Personal information
- Full name: David John Roberts
- Born: 1 October 1942 (age 83) Harpenden, Hertfordshire, England
- Batting: Left-handed
- Bowling: Right-arm fast-medium
- Relations: Edward Roberts (father)

Domestic team information
- 1963: Marylebone Cricket Club
- 1964: Hertfordshire

Career statistics
| Competition | First-class |
| Matches | 1 |
| Runs scored | 6 |
| Batting average | 6.00 |
| 100s/50s | 0/0 |
| Top score | 6 |
| Catches/stumpings | 0/– |
- Source: Cricinfo, 5 July 2019

= David Roberts (MCC cricketer) =

English cricketer (born 1942)

David John Roberts (born 1 October 1942) is an English former first-class cricketer.

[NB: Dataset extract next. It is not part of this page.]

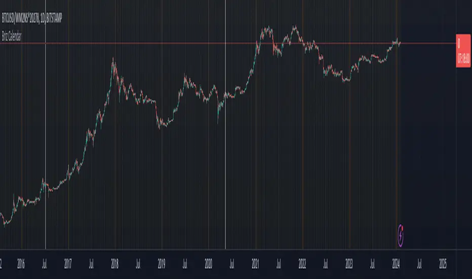 Updated this calendar script to include Bitcoin halving dates. Some halving dates will not show in weekly time frame - no problems from daily or lower time frames.

The son of the cricketer and umpire Edward Allen Roberts, he was born at Harpenden in October 1942. He made a single appearance in first-class cricket for the Marylebone Cricket Club (MCC) against Scotland at Glasgow in 1963. Batting once in the match, he was dismissed for 6 runs in the MCC first-innings by Ronald Hogan. The following year he played minor counties cricket for Hertfordshire, making three appearances in the Minor Counties Championship.